Computer Engineering Department University of California Santa Cruz, CA 95064

E-mail: varma@cse.ucsc.edu World-Wide Web: http://www.cse.ucsc.edu/ research/hsnlab/projects/CPUkit.html

# Abstract

The CPU Design Kit is a prototyping platform designed at University of California, Santa Cruz, for teaching the Processor Design class. The prototyping platform allows the design and implementation of a 32-bit pipelined CPU. The prototyping hardware consists of an ISA-bus-based printed-circuit board containing six Altera FLEX EPF81500 programmable logic chips providing a total of 80,000 usable gates, static RAM chips to implement register file and caches, and hardware support for monitoring and debugging. A Windows-based user interface provides access to the necessary software tools for downloading designs into the board, debugging, and control of the CPU.

# I. INTRODUCTION

Many universities now offer a course on *processor design* or *computer design* as part of the computer engineering curriculum. The objective of this course is to teach the fundamental concepts involved in the design of a Central Processing Unit (CPU) by means of a hands-on project. Typically, the project involves the design, fabrication, and testing of a small CPU within a semesteror quarter-long class. Until a few years ago, these CPU designs were prototyped using bit-slice ALU chips, in combination with microprogrammed control units. This approach limited the scope and flexibility of the project; key concepts such as pipelining, common among modern RISC processors, could not be explored.

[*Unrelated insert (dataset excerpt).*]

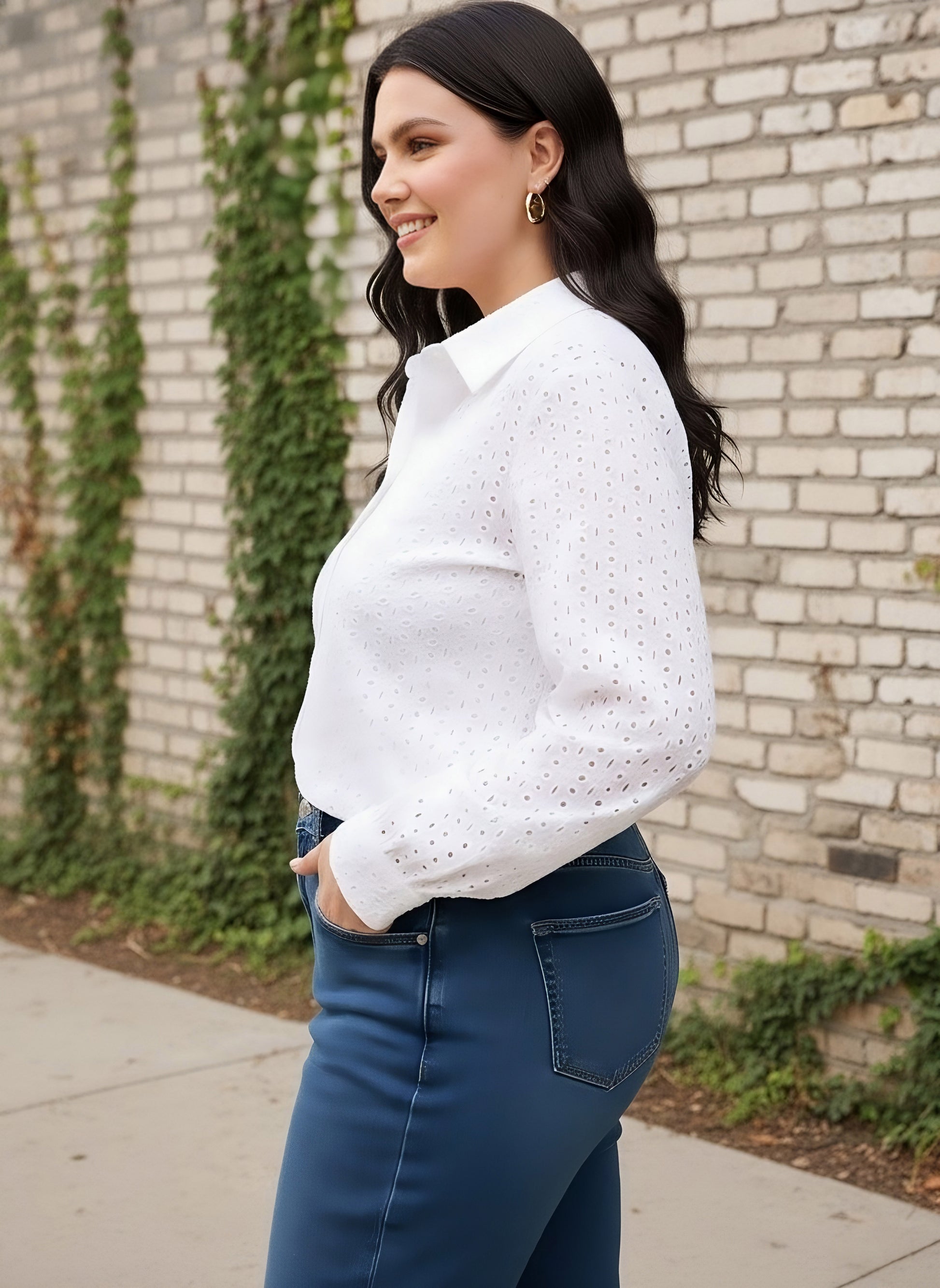 Berrylush Curve Women Solid White Spread Collar Neck Long Sleeves Schiffli Front Button-Up Straight Hem Regular Shirt

With the availability of dense programmable logic chips such as the Altera FLEX series, it has now become possible to construct more complex designs reflecting the state-of-the-art in CPU design within a short time. Because of the complexity of the chips, however, it is still difficult to prototype and debug a CPU design employing multiple FPGA chips within the classroom environment. The CPU Design Kit is a prototyping platform, consisting of both hardware and software, designed to facilitate the construction of such projects within a limited period of time, such as an academic quarter or semester.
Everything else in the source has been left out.